→ **Task objective**
Transcribe every line from the one containing "Historic sites have" to the end of the listing, exactly as written, and leave out the pictures.

→ **The input**
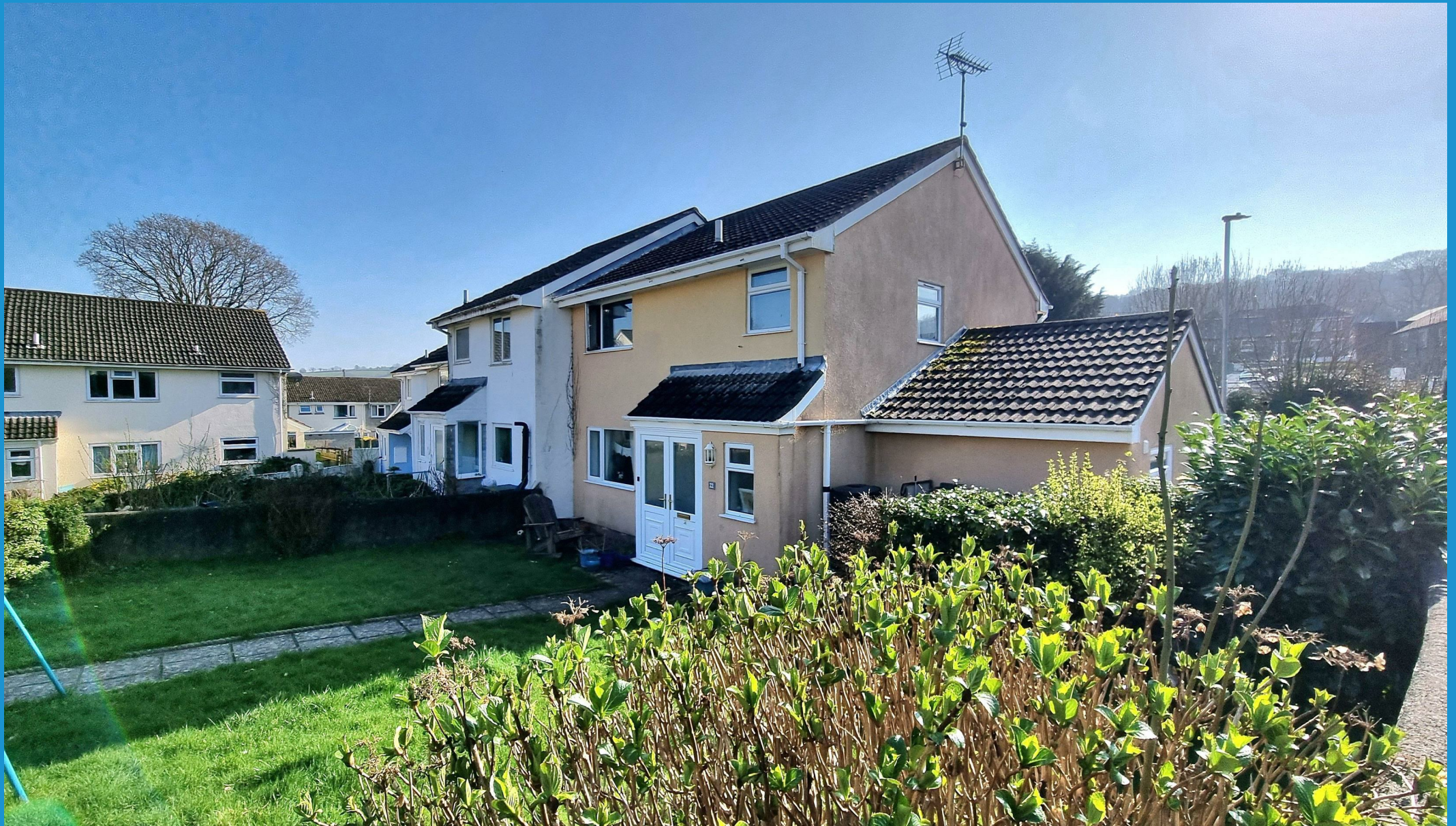
Arundell Gardens Lifton | Cornwall
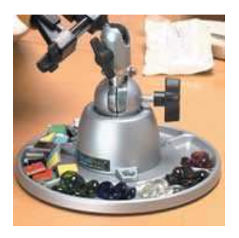
Click on any of the above images to find out more about the products pictured.
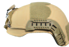
ASR ArmorSource Rail and Pre-Cut Adhesive Loop Velcro
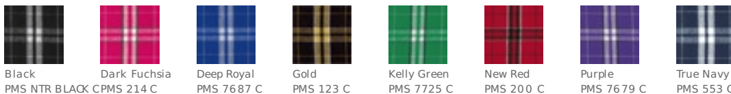
Black PMS NTR BLACK CPMS 214 C
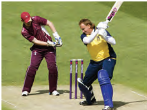
Community Day 2015
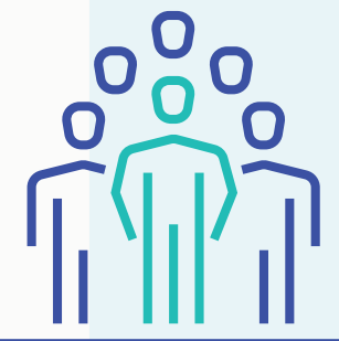
Emerging Volunteer Leaders Across the Society
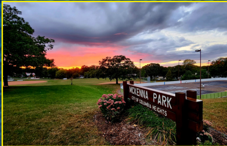
Submitted by Todd Kewatt
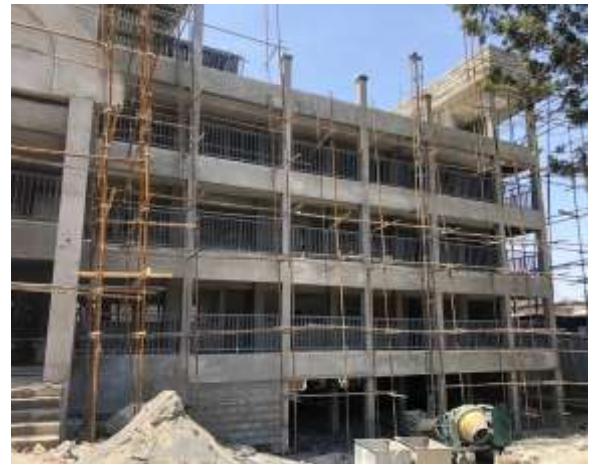
The New Facility at Songa Mbele na Masomo taking shape
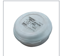
T403 Mold Sealer
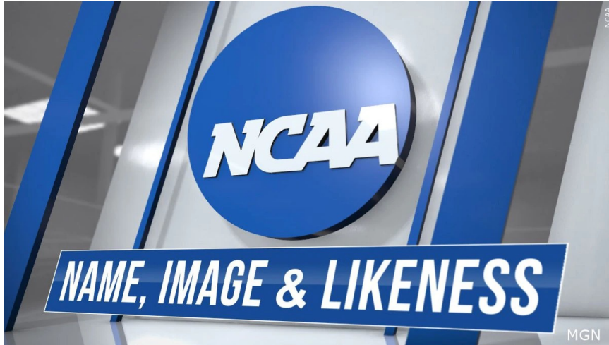
Name, Image, & Likeness (NIL)
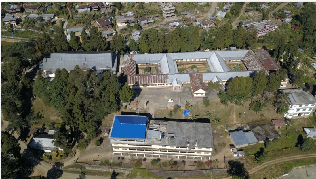
Bird's eye view of Fazl Ali College Mokochung
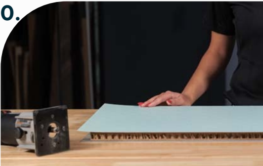
Trim edges using a router.
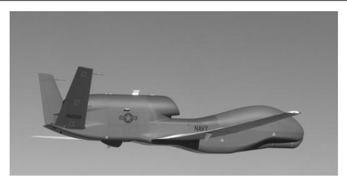
Fig. 2. HALE UAS – "Global Hawk" Rys. 2. BSP klasy HALE – "Global Hawk"
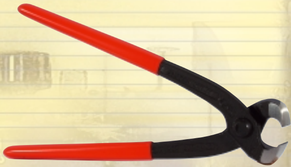
Pincer for Ear Clamps Standard Jaw
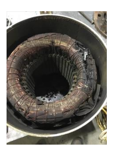
43. Failure Location
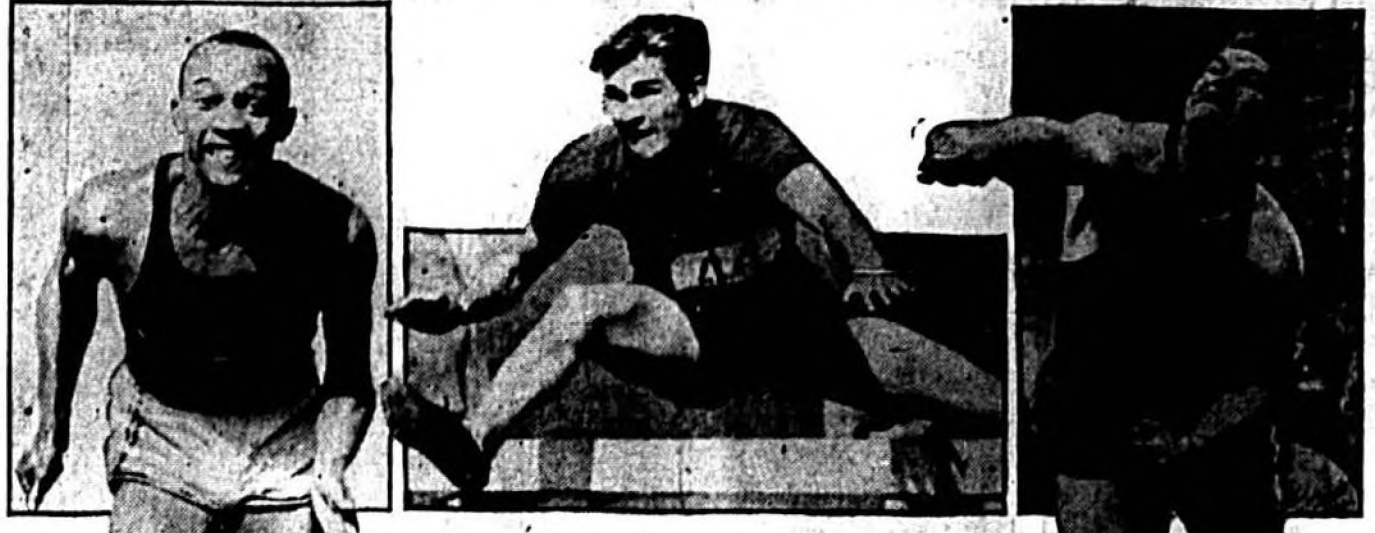
In the upper left is Jesse Owens, Ohio State colored flash, who will represent America in the 200 meter run when the Olympic games get under way at Berlin. Top center is Don Lash, who will represent the United States in the 5,000 meter run. In the center is Don Lash, who will represent the United States in the 5,000 meter run. In the lower left is Don Lash, who will represent the United States in the 5,000 meter run.
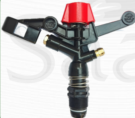
Plastic Sprinkler 3/4 Inch With Brass Jet
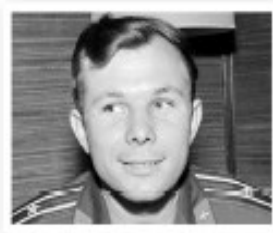
First human in space (USSR) Yuri Gagarin April 1961
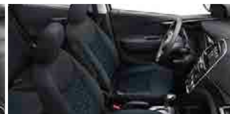
Jet Black Cloth with Dark Anderson Silver Accent Trim 4
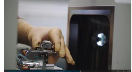
Video “Von Käfern lernen: Oberflächen nach dem Vorbild der Natur“ (learning from beetles – surfaces modeled on nature)

“We avoid the use of pigments that are harmful to health and the environment by producing porous polymer structures of comparably high scattering efficiency,” Hölscher says. He and his team were inspired by the white beetle Cyphochilus insulanus , whose chitin scales appear white thanks to their special nanostructure. “Based on this model, we produce polymer-based solid, porous nanostructures, which resemble a sponge,” says Hölscher, who heads the Biomimetic Surfaces Group of IMT. Similar to the bubbles of shaving or bathing foam, the structure scatters light, which makes the material appear white. The new technology for low-cost and environmentally compatible white optics is suited for various surfaces.
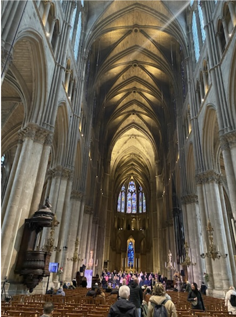
Plush interiors of CathÃ©drale Notre-Dame de Reims

On entering inside this historic cathedral, we were awestruck by its massive scale and rich interiors. The soaring roof made one feel humble and small, while the decorations and frescoes lent the space a deeply religious aura. A sense of awe and reverence gripped the mind, even as the cathedral buzzed gently with activity, children practicing choir at its centre.
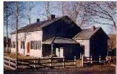
Image of Bement Billings Farmstead in the Town of Newark Valley.

Historic sites have been a source of visitation to the town, most notably to Bement Billings Farmstead. There is a significant concentration of historic resources, including National Register listed sites and buildings, throughout the town and along the State Route 38 corridor. State Route 38 is an important north-south connector within the Heritage Area linking the Village of Owego to the south to the Villages of Newark Valley and Lisle to the north.
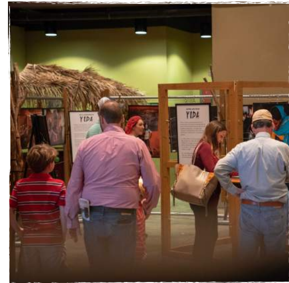
Attendees at a Yida Photo Exhibit showing prepare to give at the Get Involved table

*This metric includes both cash raised and the fair-market value of investments donated to our Endowment Fund. We also include grants and institutional giving in this metric.

→ **Result**
Historic sites have been a source of visitation to the town, most notably to Bement Billings Farmstead. There is a significant concentration of historic resources, including National Register listed sites and buildings, throughout the town and along the State Route 38 corridor. State Route 38 is an important north-south connector within the Heritage Area linking the Village of Owego to the south to the Villages of Newark Valley and Lisle to the north.
Attendees at a Yida Photo Exhibit showing prepare to give at the Get Involved table

*This metric includes both cash raised and the fair-market value of investments donated to our Endowment Fund. We also include grants and institutional giving in this metric.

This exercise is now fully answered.